Humanitarian aid facts

In 2014, international funding only met two-thirds of the requirements set out in UN humanitarian appeals. According to the Office for the Coordination of Humanitarian Affairs, a shortfall of $8.5bn meant humanitarian agencies could not provide sufficient support to some of the most vulnerable communities.

Currently, WHO and partners require more than $1.7bn to support their response operations for more than 60 million people in 32 emergencies. WHO alone requires more than $530m – less than 30% of which has been received.

The total shortfall in UN humanitarian appeals in 2013 could have been filled with less than the retail value of two weeks' worth of food waste produced in the United States. Oxfam research found the world spent 80 times as much on military expenditure than on humanitarian aid.

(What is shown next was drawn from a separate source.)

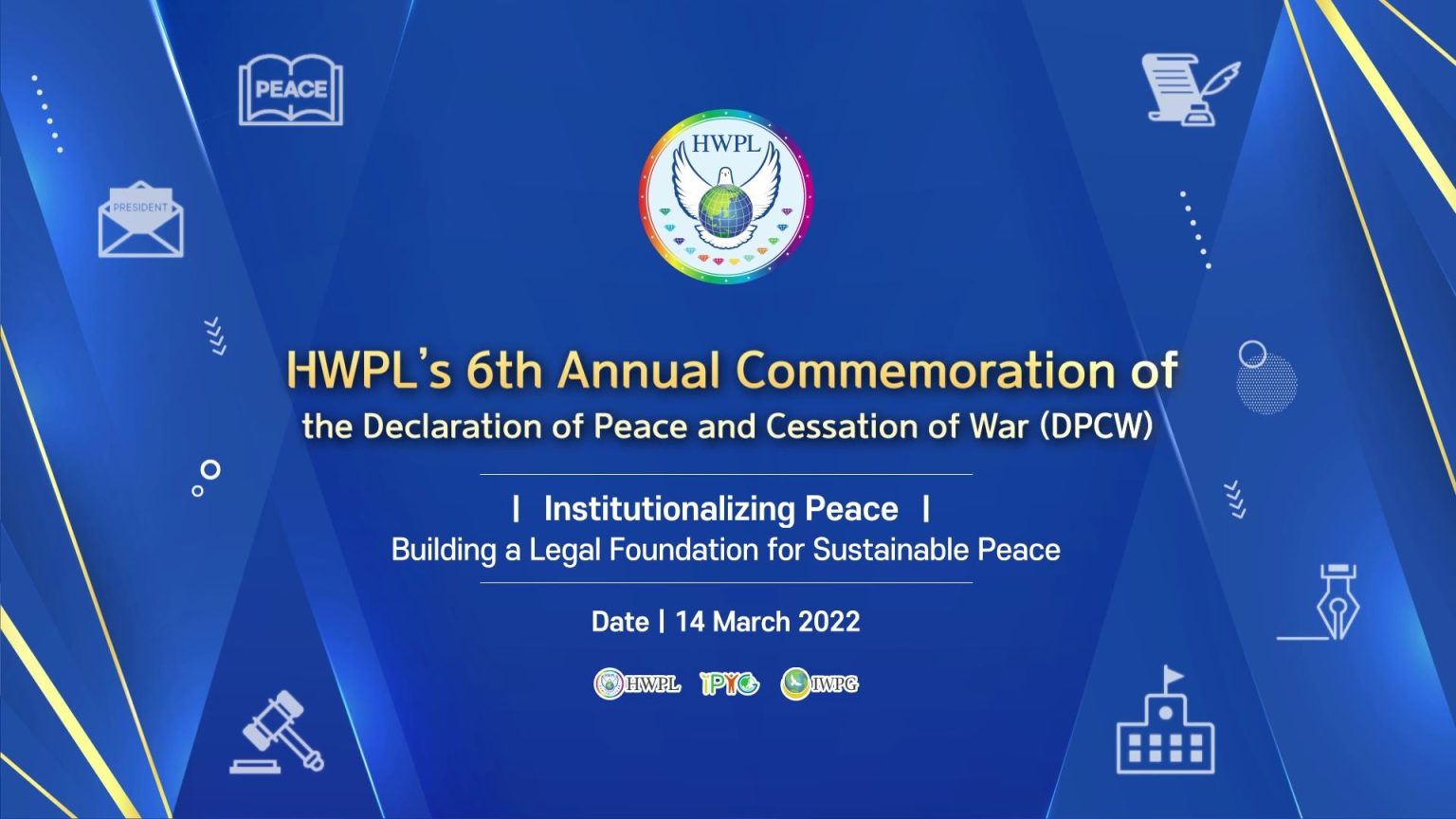 ‘HWPL’s 6th Annual Commemoration of the Declaration of Peace and Cessation of War (DPCW)’ was held online on 14 March 2022 with over 5,000 participants, under the theme Institutionalising Peace: Building a Legal Foundation for Sustainable Peace.

Around 25,000 Rohingya and Bangladeshis boarded smugglers' boats on the Bay of Bengal between January and March, according to the UNHCR. Around 300 people died during that period as a result of dehydration, starvation and abuse from crews.

Jonas Gratzer
A man walks past rubble in Kathmandu after a second earthquake struck Nepal Jonas Gratzer/Getty Images

More than 8,500 people were killed and over 16,800 injured in the Nepal earthquakes in April 2015. Around 2.8 million were displaced and 5.6 million affected. As of mid-May, there were around 330 humanitarian agencies carrying out work in the region after the disaster, according to OCHA.

The number of disasters as a result of natural hazards such as earthquakes have doubled in the past 25 years, according to the Overseas Development Institute. The overwhelming majority of deaths have occurred in developing countries.

Since June, 12 people have died trying to cross the Channel to get to the UK from Calais, where around 3,000 migrants and refugees are stranded at the border. It is estimated that at least 225,000 refugees and migrants have arrived in Europe by sea since the beginning of 2015. Around 124,000 landed in Greece up to the end of July – a 750% increase on the same period in 2014. In July alone, there were 50,000 arrivals, about 70% of these from Syria.

Meanwhile, thousands have been killed by Boko Haram, the majority in north-eastern Nigeria, and hundreds have been abducted – including at least 200 schoolgirls.

The number of people dying as a result of armed conflicts worldwide is growing, due to fighting in countries such as Syria, Iraq, Afghanistan, Libya, Yemen and the Central African Republic. There were 63 armed conflicts in 2008, which led to 56,000 deaths, but around 180,000 deaths across 42 conflicts in 2014 (data from the International Institute for Strategic Studies).